Menurut Hadi, Faisal Basri memiliki peran penting dalam pembentukan Pusat Pelaporan dan Analisis Transaksi Keuangan (PPATK). Faisal bahkan pernah ditunjuk oleh Mahfud Md (saat itu menjabat Menteri Koordinator Politik, Hukum dan Keamanan) sebagai satgas TPPU.
Faisal Basri dan tim nya berhasil mengungkap beberapa kasus besar, termasuk kasus impor emas senilai Rp189 triliun. Hal yang dilakukannya merupakan kontribusi besar sekaligus menunjukkan komitmennya terhadap tranparansi dan akuntabilitas dalam sistem keuangan negara.
“Peran Faisal Basri mencerminkan dedikasinya terhadap penegakan hukum dan pemberantasan korupsi di Indonesia,” tegasnya.
Peneliti Senior LP3ES Malik Ruslan juga berpandangan serupa. Menurutnya, Faisal Basri memiliki keinginan menggabungkan demokrasi politik dan demokrasi ekonomi dalam sebuah sistem pemerintahan, mirip dengan pemikiran Bung Hatta.
“Dalam konteks ini, Faisal Basri berusaha mewujudkan suatu bentuk demokrasi Indonesia yang harmonis, di mana kedua aspek tersebut saling melengkapi dan mendukung satu sama lain” ungkap Malik.
Faisal Basri berhasil menggabungkan isu demokrasi, ekonomi, antikorupsi dalam satu arena perjuangan, yang didalamnya tercakup pula isu perlindungan dan pemajuan HAM.
“Kritik tajam Faisal Basri terhadap berbagai persoalan yang mendera bangsa tidak hanya ditujukan pada sistem yang dinilainya menyimpang dari konstitusi, tetapi juga kepada penyelenggara negara,” tutur Malik.

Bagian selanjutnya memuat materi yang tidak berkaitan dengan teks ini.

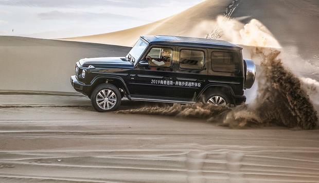 全新一代G级在重量减轻的同时,车身抗扭刚性增加了55%,使其身手更为矫健;得益于较长的悬架行程,G级在多数情况下轮胎都能贴住地面。即便不上锁,出现轮胎空转的情况,电子限滑会迅速将打滑轮胎锁止,把动力传递到有附着力的车轮上,此时只需绶踩油门,就能轻松通过。无论G63还是G500性能都足够强悍,仅锁止中央差速锁就足以应付沙漠路况,低速四驱和另外两把锁根本用不上。

Bahkan lebih jauh, terkait masalah ketidakadilan yang kerap dihalangi oleh korupsi, seorang Faisal Basri begitu fasih berbicara soal korupsi mulai dari wilayah hulu terkait moralitas penyelenggara negara, pendidikan yang kehilangan fungsi pembangunan karakter, hingga hilir yakni penegakan hukum dengan pendekatan teknokratis.